O Japão, um país frequentemente associado a inovações tecnológicas que parecem saídas da ficção científica, está novamente na linha da frente de uma área de pesquisa que promete revolucionar a nossa compreensão da mente: a decodificação de sonhos. A ideia de um “gravador de sonhos”, que permitiria às pessoas mergulhar nas suas experiências oníricas e reproduzi-las digitalmente, está a deixar de ser um mero conceito de ficção para se tornar um objetivo científico tangível.
No epicentro desta revolução estão centros de investigação japoneses, como os Laboratórios de Neurociência Computacional ATR, em Quioto, liderados pelo Professor Yukiyasu Kamitani. Estes cientistas têm vindo a explorar as complexas intersecções entre a neurociência e a inteligência artificial para desvendar os mistérios do cérebro adormecido. A premissa é fascinante: se conseguirmos monitorizar a atividade cerebral com precisão suficiente, talvez possamos “ler” o que uma pessoa está a sonhar.

A abordagem assenta na monitorização da atividade cerebral durante o sono, em particular na fase REM (Rapid Eye Movement), que é o período mais prolífico para os sonhos vívidos. Isto é conseguido através de técnicas avançadas de imagiologia cerebral, como a ressonância magnética funcional (fMRI), que mede as alterações no fluxo sanguíneo cerebral como um indicador da atividade neuronal. Os dados recolhidos são então alimentados a algoritmos de inteligência artificial sofisticados, que são treinados para identificar padrões e correlacioná-los com as imagens e sensações que o sonhador está a experienciar. Em essência, a IA tenta aprender a “linguagem” do cérebro enquanto este sonha.
É importante sublinhar que esta tecnologia ainda se encontra em fases experimentais. Não existe, para já, um dispositivo comercial capaz de gravar e reproduzir sonhos com a mesma clareza de um filme. As reconstruções atuais são, por vezes, fragmentadas e abstratas, mais próximas de “manchas” visuais do que de narrativas completas. Contudo, os avanços são notáveis, com os investigadores a conseguirem reconstruir imagens simples que os participantes relataram ter visto nos seus sonhos, demonstrando um potencial imenso.

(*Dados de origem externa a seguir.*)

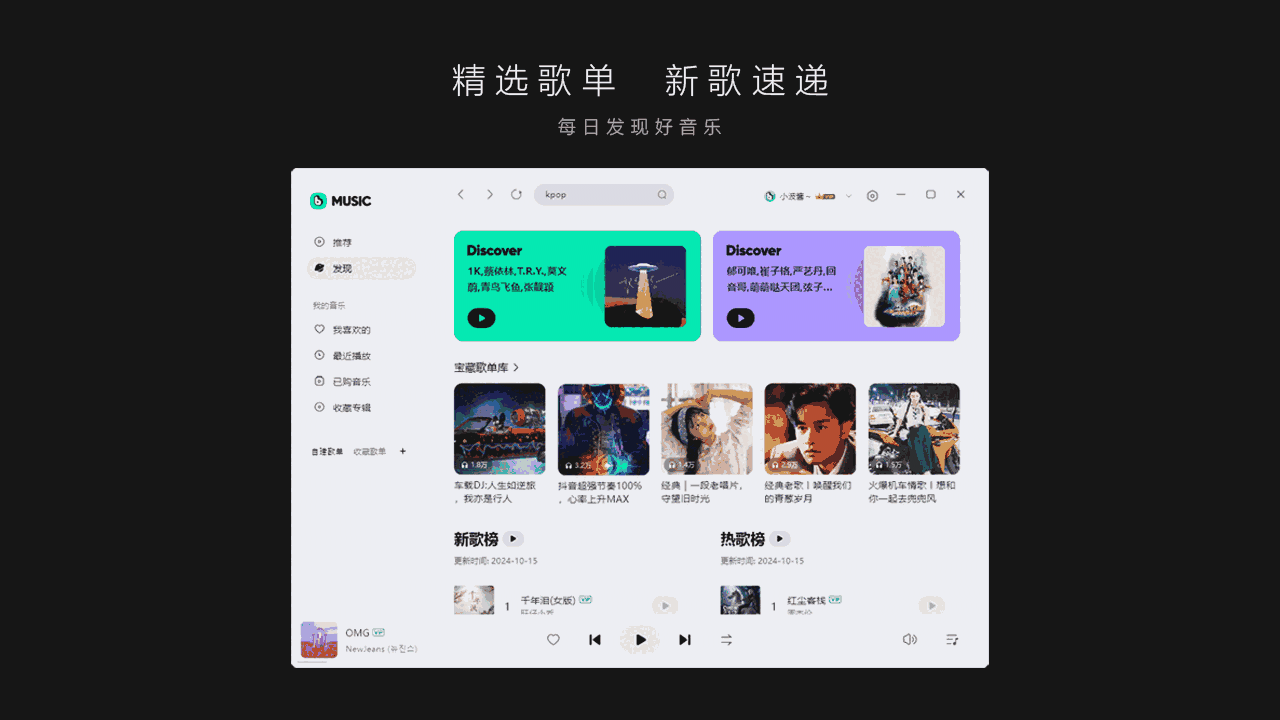 3、支持用户创建和分享个性化歌单,方便用户整理和分享自己喜欢的音乐。

As implicações futuras desta pesquisa são vastas e multifacetadas. No campo da neurociência, promete aprofundar drasticamente a nossa compreensão de como o cérebro humano forma a consciência, processa informações e cria experiências durante o sono. Para a psicologia e terapia, a possibilidade de aceder aos conteúdos dos sonhos poderá oferecer novas perspetivas sobre o subconsciente, traumas e medos, revolucionando o diagnóstico e tratamento de certas condições. Mais além, abrem-se portas para a indústria do entretenimento e da arte, com a perspetiva de criar novas formas de conteúdo imersivo ou até mesmo permitir que artistas explorem as suas próprias paisagens oníricas. Em última análise, estes desenvolvimentos no Japão podem ser um passo crucial para o desenvolvimento de interfaces cérebro-máquina cada vez mais avançadas, que nos permitam interagir com o mundo digital de formas antes inimagináveis.
A ideia de gravar sonhos permanece, para muitos, no domínio da fantasia, mas o trabalho persistente dos cientistas japoneses está a transformar essa fantasia numa possibilidade cada vez mais concreta. O futuro da mente, e de como a percebemos e interagimos com ela, está a ser reescrito, um sonho de cada vez.